Article 12. Settlement of Disputes between One Contracting Party and Investors of the other Contracting Party

1. This Article shall apply to disputes between one Contracting Party and an investor of the other Contracting Party concerning an alleged breach of an obligation of the former under this Agreement, causing loss or damage to the investor or its investments.

2. Disputes between one Contracting Party and an investor of the other Contracting Party, in connection with its investment, shall be notified in writing, including detailed information, by the investor to the host Contracting Party of the investment. As far as possible, the investor and that Contracting Party shall endeavor to settle these disputes by consultations and negotiations in good faith.

3. The request for consultations must be submitted within three (3) years after the date on which the alleged breach of the Agreement occurred. If the claimant fails to submit a request for consultation within this period the claimant shall be deemed to have waived its rights to bring a claim and may not submit a claim to arbitration under this Article.
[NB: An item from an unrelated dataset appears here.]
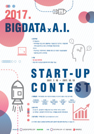 ◇ 강원혁신센터, 빅데이터 · 인공지능 스타트업 공모전 개최=강원혁신센터가 네이버와 함께 ‘빅데이터 · 인공지능 스타트업 공모전’을 개최한다. 이번 공모전은 데이터 분석 기반기술을 활용한 서비스 스타트업, 인공지능 관련 스타트업 등을 발굴하여 육성하는 것을 목표로 진행된다. 강원센터는 공모전을 통해 서류심사와 면접을 통한 기술·가치평가, 시연평가 등의 심사과정을 거쳐 최종 5팀을 선발할 예정으로 선발된 팀에게는 국내 최대규모인 총 8,000만원의 상금이 수여된다. 또한 네이버의 스타트업 지원 프로그램인 NPAC 무료 제공, 강원센터 입주공간 지원 등의 특전을 제공할 예정이며 사업 아이템의 성격에 따라 네이버와 컬래버레이션 할 수 있는 기회도 제공된다. 자세한 사항은 강원센터 홈페이지 창업지원 프로그램 페이지에서 확인 가능하며, 참가를 원하는 스타트업은 7월 10일부터 9월 9일까지 이메일로 지원하면 된다.

4. If these disputes cannot be settled by means of consultations within six (6) months following the date of the written notification mentioned in paragraph 2, the disputes can be submitted, as the investor may choose, to:

(a) the competent court of the Contracting Parly in whose territory the investment has been made; or

(b) the International Center for Settlement of Investment Disputes (ICSID) set up by the Convention on the Settlement of Investment Disputes Between States and Nationals of Other States for arbitration under ICSID Rules of Procedure for Arbitration Proceedings; or

(c) an ad hoe arbitral tribunal established under the Arbitration Rules of Procedure of the United Nations Commission for International Trade Law (UNCITRAL) approved by the United Nations General Assembly on December 15, 1976, as revised in 2010. The parties to the dispute may agree in writing to modify those Rules.

(d) any other arbitration institution or any other arbitration rules, if the disputing parties so agree.

5. Once the investor has submitted the dispute to one or the other of the dispute settlement forums mentioned in paragraph 4, the choice of one of these forums shall be final.

6. The claim to arbitration must be submitted within eighteen (18) months after the submission of the request for consultation. If the claimant fails to submit a claim within this period the claimant shall be deemed to have waived its rights to bring a claim and may not submit a claim to arbitration under this Article.

7. Arbitrators appointed to arbitration tribunal under this Article shall have expertise or experience in public international law, in particular international investment law. It is desirable that they have expertise or experience in resolution of disputes arising under international investment agreements.